Friday, June 30, 2006

Montreat West...Thursday

Earlier today (Thursday), the Servant Squad spent some quality time exploring the theme of conflict. Some of them worked with modeling clay to sculpt their response, while some finger painted, and others wrote their own "blogs" in response to scenarios posted around the room. Nobody took advantage of the liturgical movement station.

Between last night's sermon and this morning's keynote, hopefully the youth here at Montreat West are thinking about issues of race, gender, sexuality, power, oppression, and control. J. Herbert did a fabulous job of talking about the racial injustices that are still prevalent in our society. He gave us a glimpse into his world as an African-American man, and some of it made me so sad. He talked about being painfully aware of where his hands are at all times when he's in a store, because he doesn't want to appear as if he's stealing something or getting ready to pull a weapon. This morning, Cindy encouraged us to think more seriously about the civil rights movement, and what it means to seriously engage in conversation with "the other."

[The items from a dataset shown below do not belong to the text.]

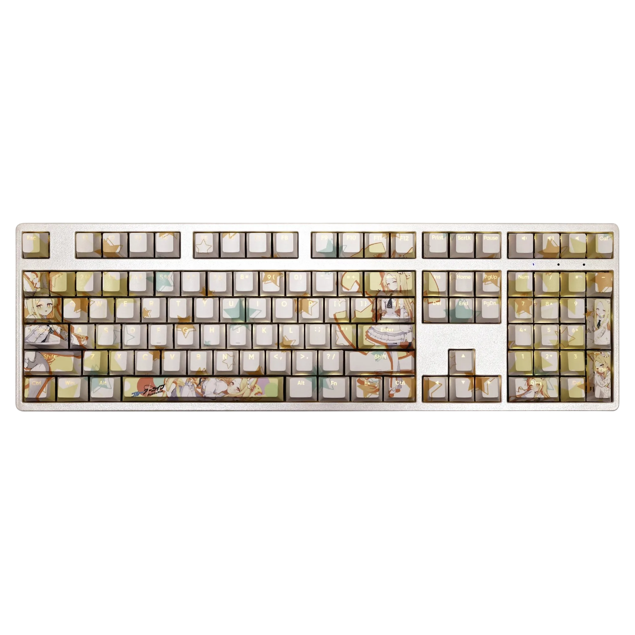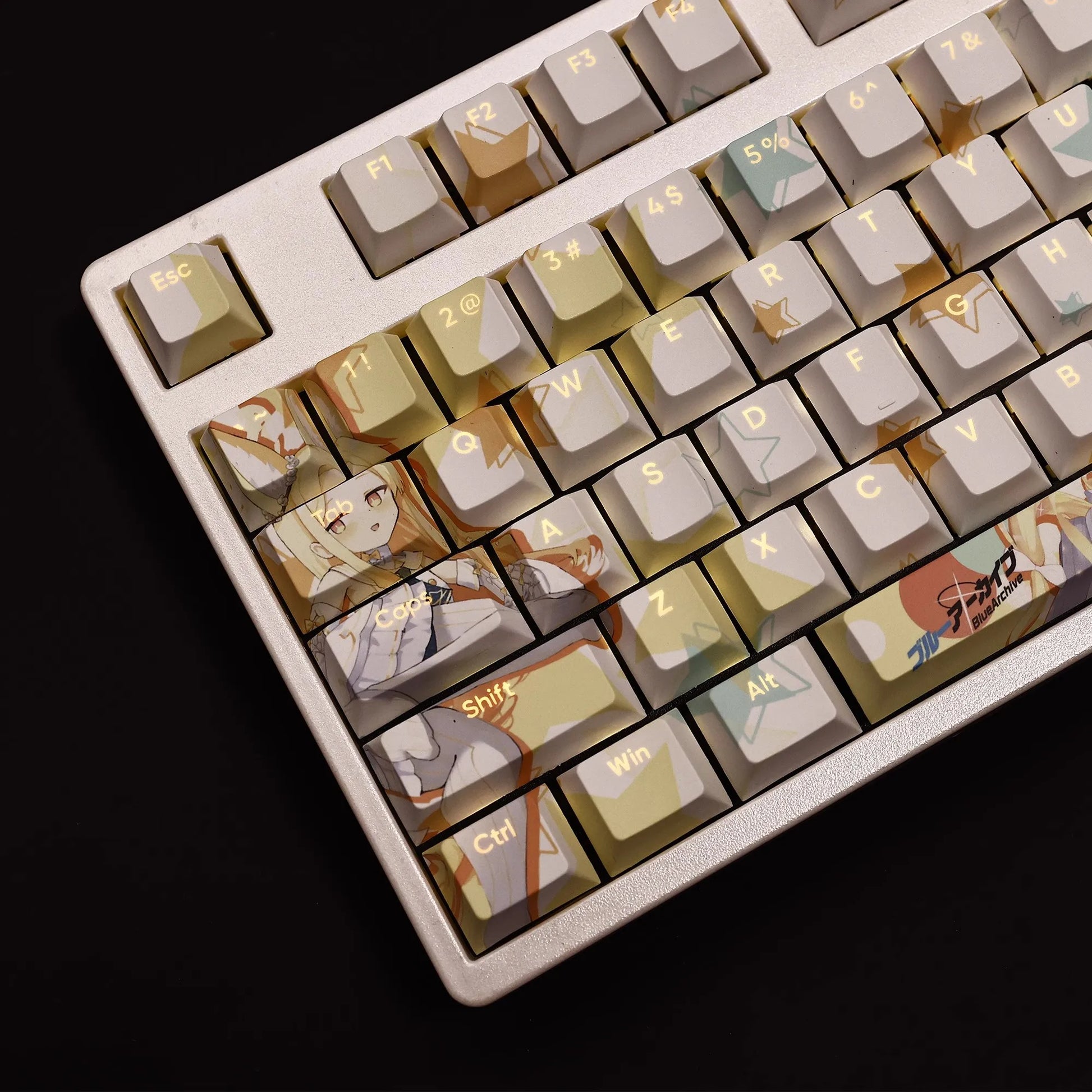This mechanical keycaps set features various prints of Yurizono Seia from the game "Blue Archive" that are bound together with white and yellow colouring, combined with Backlit keycaps, Yurizono Seia illuminates when LEDs pass through the keycaps.
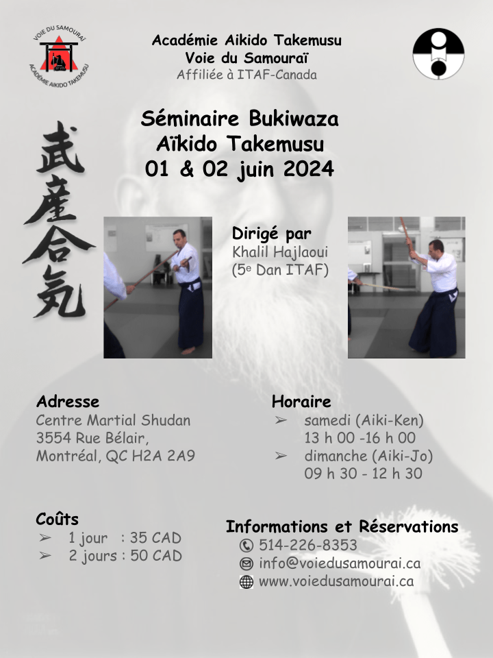 Mise à jour : Suite aux conditions climatiques, le séminaire Bukiwaza (Aiki-Ken & Aiki-Jo) pour adultes sera déplacé au Dimanche 16 mars 2025 au Centre Martial Shudan.
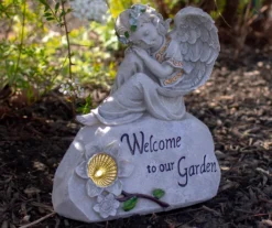 This fabulous garden statue set is sure to make your guests intrigued with its charismatic looks. Exceptionally breath-taking embellished with dazzling shades, each cherub angel statue is seen playing an instrument onto of a round pedestal. This two-piece statuary set is a wonderful addition to a patio, garden or yard.
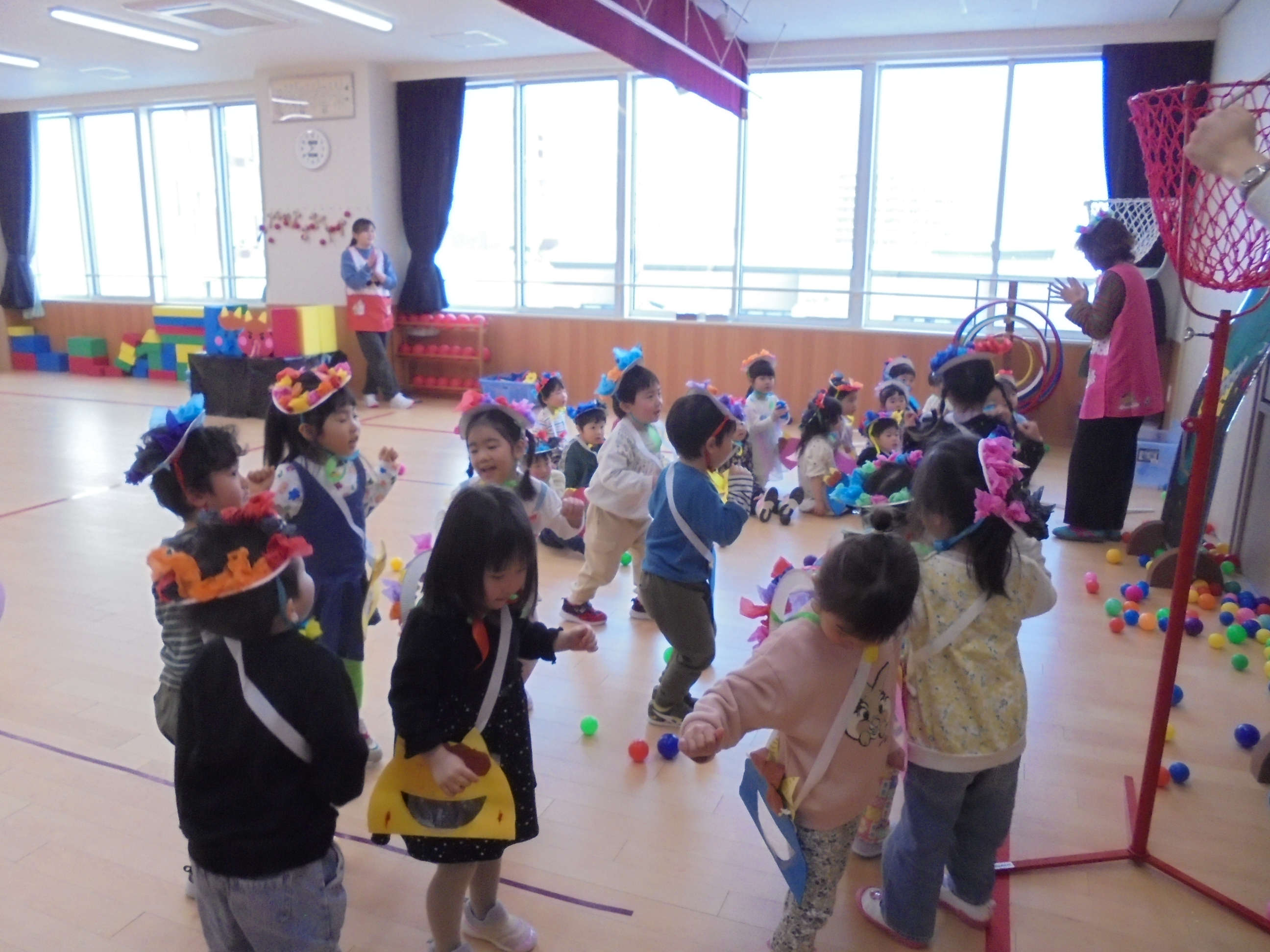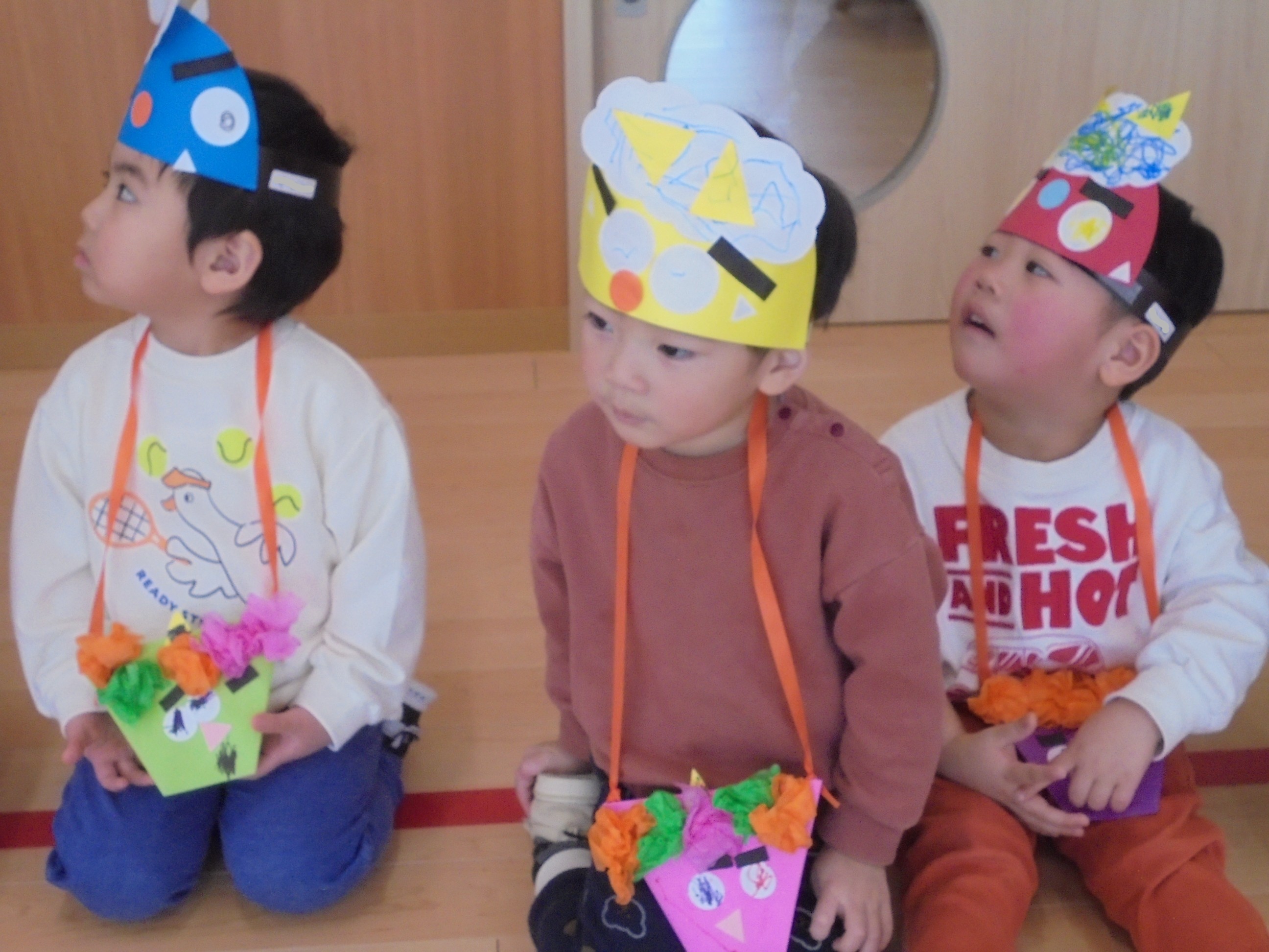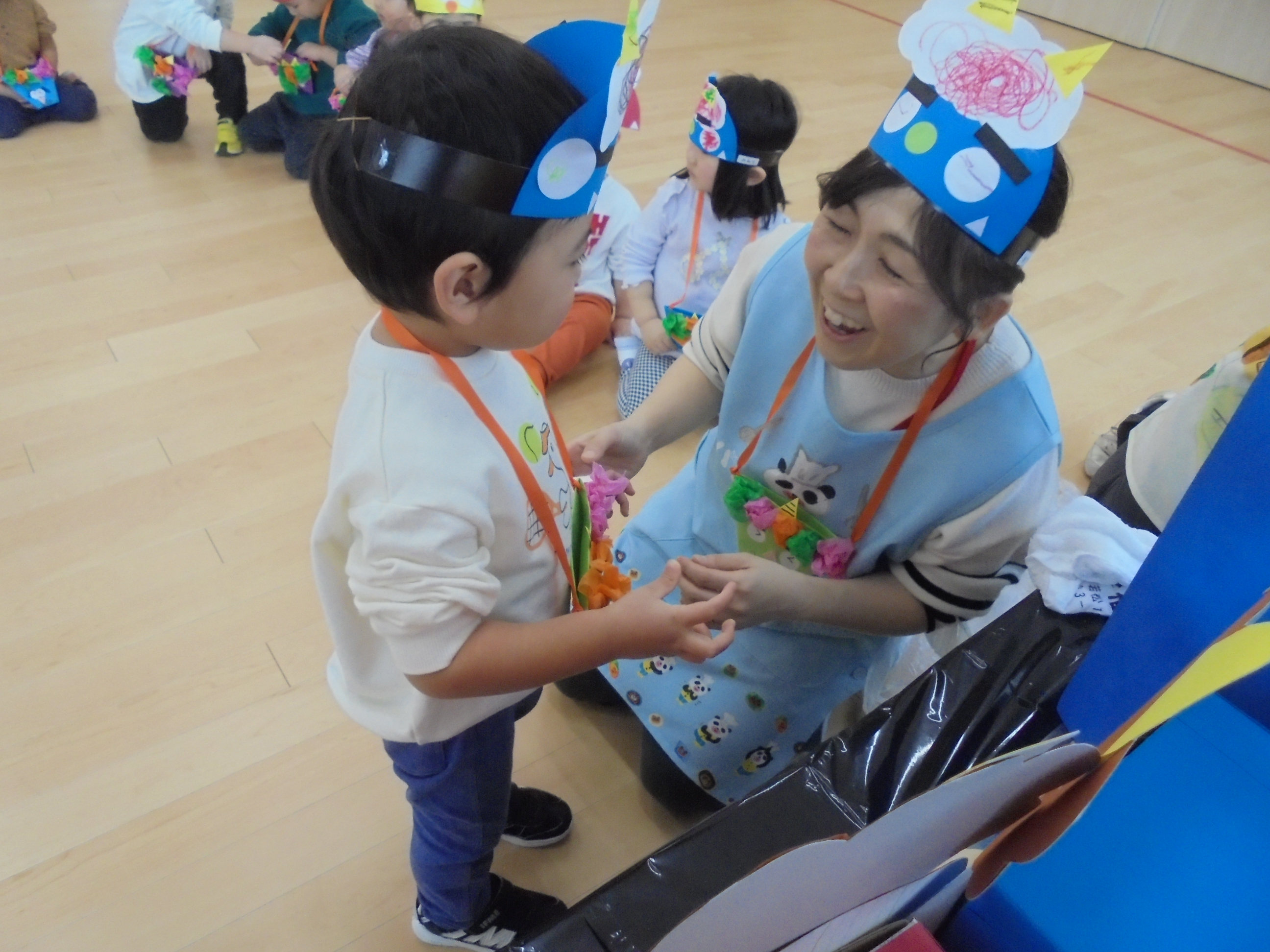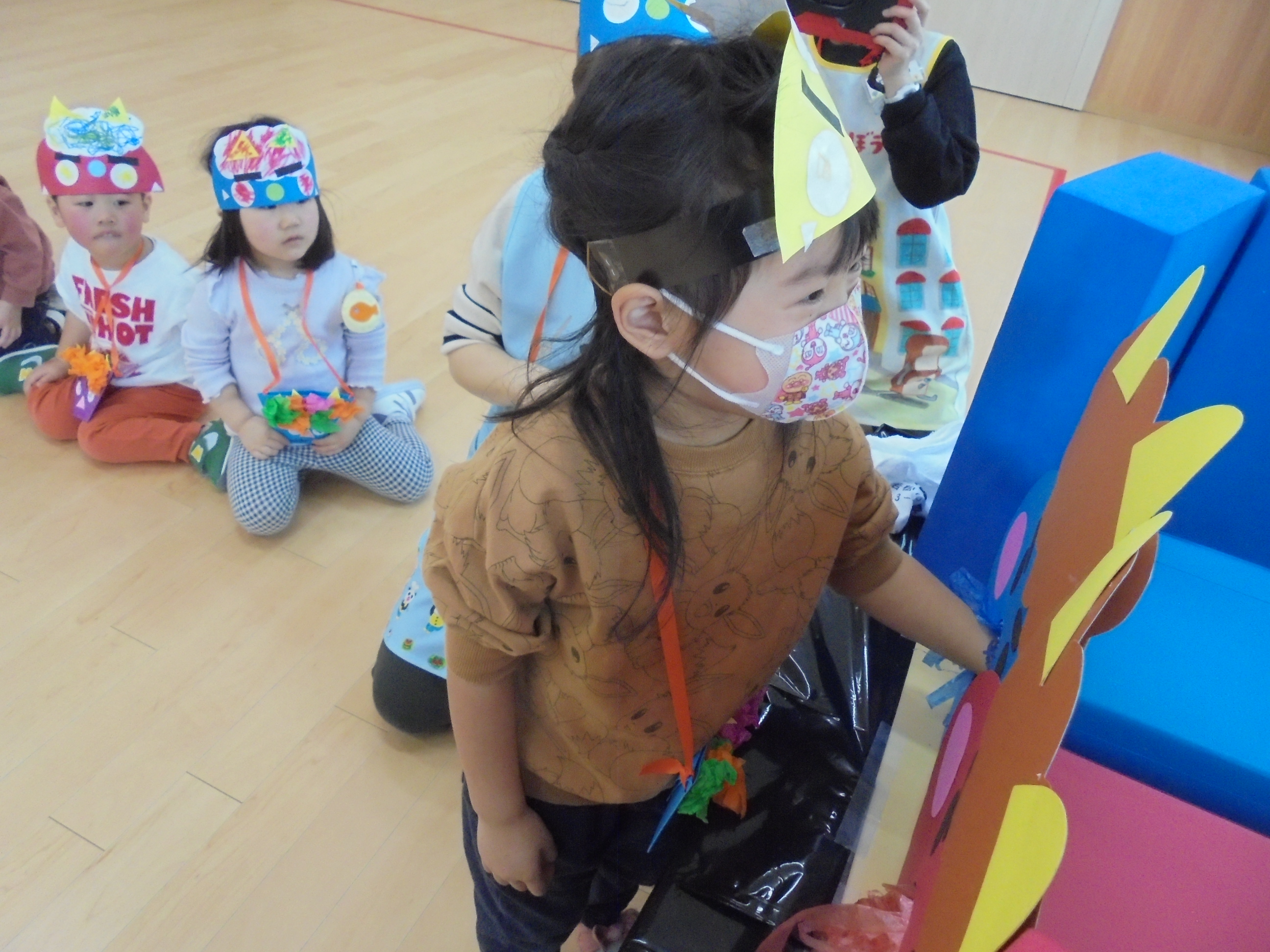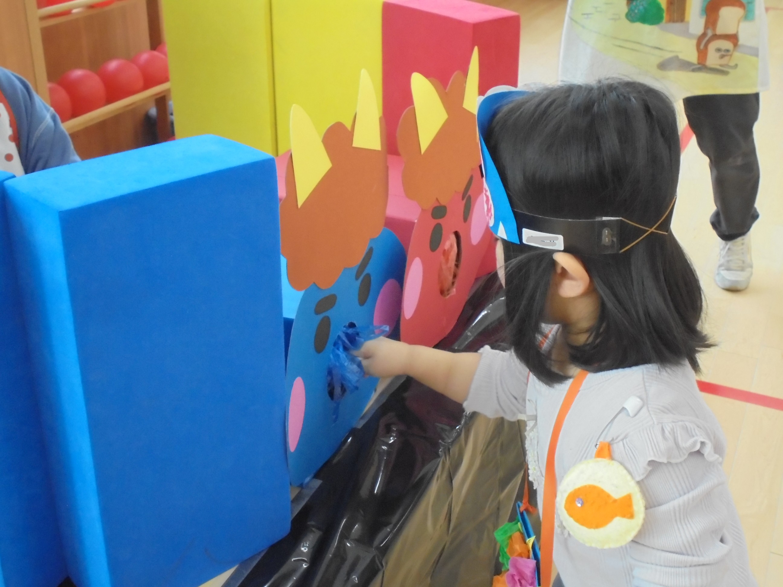 今日は節分会がありました。自分たちにいる鬼を追い出そうと「オニはーそと」「福はーうち」と声を出しながら、豆の代わりにボールを投げました。また、オニの口に手を入れてお菓子をゲットしましたよ!

The sermon last night was pretty convicting for me. As I heard J. Herbert speak, I realized that that "voice" very absent from my day to day encounters. I feel like there was a time, in seminary, and some in college, when that voice was a part of my life, but not so much now. Nor have I been intentional about speaking in that voice in my current situation. When I run, my thoughts no longer focus on the ways that I can transform the world around me or how I'm going to speak the truth to power, but instead I worry about my car payment and my house payment, and whether I have money in my account to cover them...I think about how quickly I can pay off my student loans, or when I'll be able to afford a new TV, or what I "need" at Target, or when I'm going to play golf again, or vainly, I think about how much better I'm gonna look now that I'm running every other day. Yeah...J. Herbert's words were convicting. I need to get back to the roots of questioning the status quo and speaking up for those who don't have a voice.

Why is it so easy to feel fired up about this stuff when I'm here at Montreat or when I was in seminary? What is it about "the real world" that saps away my energy from truly transforming the world around me...from living into the kingdom?